Quotidiano on line (iscritto nel registro del Tribunale di Ancona, 11 aprile 2019, REG. 5/2019). Direttore responsabile: Lino BELLAGAMBA (iscritto dal 20 febbraio 2019 nell'elenco speciale dell'Ordine dei giornalisti delle Marche).

FREE O stiamo in Europa o ne usciamo: ignoranza o demagogia? Sia l’una, sia l’altra.

Su una trasmissione televisiva, questa sera, la protesta del buon Landini sul subappalto. Landini deve chiedere di uscire dall’Europa: non ci sono alternative. Dentro o fuori. Se stai dentro, il subappalto è quello. Se stai fuori, facciamo come ci pare (come con le concessioni demaniali).

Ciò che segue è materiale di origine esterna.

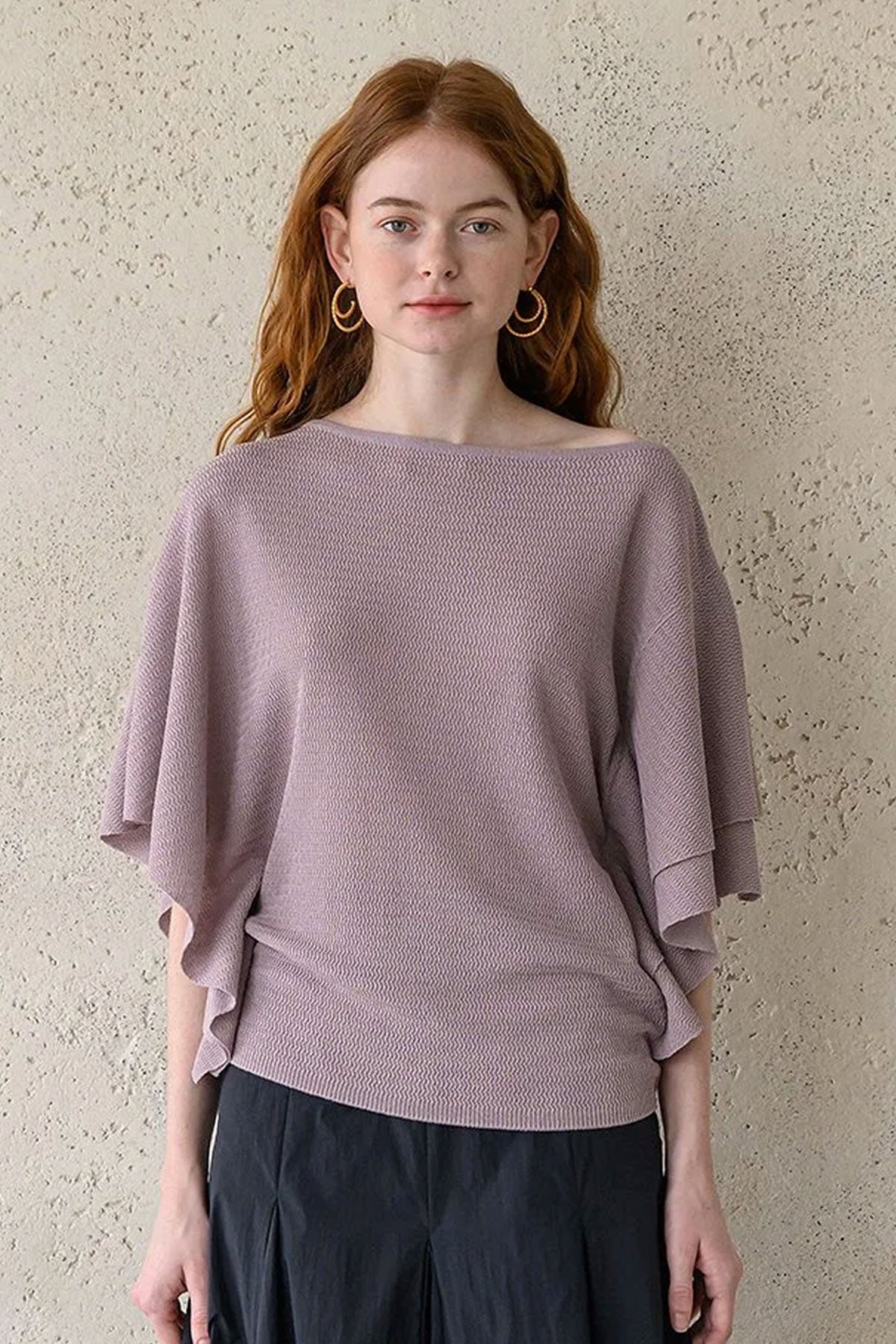 Light purple boat neck knitwear.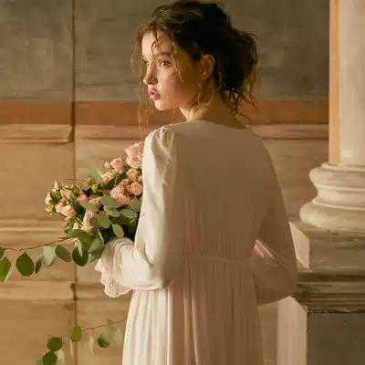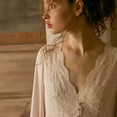 Chenxi original autumn retro palace sexy lace V-neck nightgown female mesh modal long sleeve pajamas home clothes
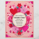 Roze en rode hartjes en bloemetjes omringen een gouden cirkel op een roze achtergrond, waardoor een leuke en leuke invitatie ontstaat voor een Valentijnsdag dans.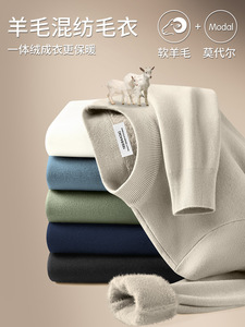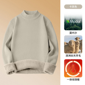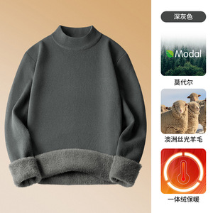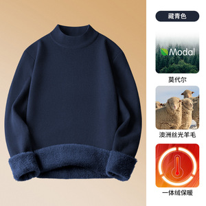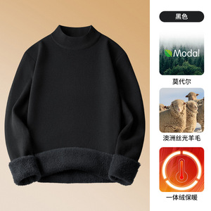 冬用のシンプルなモーダルセーターメンズベルベット厚みのあるハーフタートルネックニットボトムシャツ男性用の高級ウールセーター

È poi giuridicamente falso che per i lavori da EUR 150.000 fino a sotto la soglia comunitaria di EUR 5.382.000 non ci sia gara. Non è vero. C’è l’obbligo di un avviso per consentire a chiunque di presentare una tutelata domanda di partecipazione, ovvero c’è l’obbligo di un avviso per creare un elenco aperto di operatori economici che riceveranno inviti a presentare offerta nel rispetto del principio di non discriminazione (non si tratta di un albo di fiducia). Il prof. Conte lo sa benissimo! Che poi non sia vera semplificazione, perché la procedura aperta con inversione procedimentale è molto più semplice, questo è un altro discorso.

Poi l’intervista al sindaco di un piccolo Comune e a una professionista. L’affidamento diretto di un servizio fino a sotto EUR 140.000 rispetta la trasparenza, secondo la professionista! Qui è più demagogia che ignorantia legis. Anche il mio Bobo (un lagotto che assiste per ore a ogni mio webinar) sa benissimo (anche se, quando mi sente parlare di affidamento diretto, abbaia vigorosamente e ci vuole un biscotto per tacitarlo), sa benissimo che basta che rispetti il principio di rotazione, che basta che dimostri un po’ di convenienza (quando la si dimostra … ) e che basta che richiedi un minimo di qualificazione (che ce l’hanno tutti) e poi l’affidamento è fiduciario e legittimo. Abile il sindaco! Se scelgo un parente, l’opposizione chiama i carabinieri! E che vuol dire? Resta il fatto pacifico che tu – il tuo funzionario, certo – puoi scegliere chi vuoi. E oggi, guarda caso, qualche RUP è proprio in imbarazzo con questa soglia così alta.
Sulla soglia per l’affidamento diretto per servizi e forniture, ma solo su questo, siamo d’accordo con l’ANAC. L’ANAC però non è seria quando interviene nell’agone politico. Qualcuno, non politicamente esposto, gliel’ha detto. E poi l’ANAC non ha mai controllato le modalità di scelta del contraente degli Enti che, anche per lavori di importo da EUR 150.000 in su, hanno creato una riserva di partecipazione a favore delle imprese locali. Come mai l’ANAC questa pentola non la scoperchia? Forse perché il localismo negli inviti piace a tutti?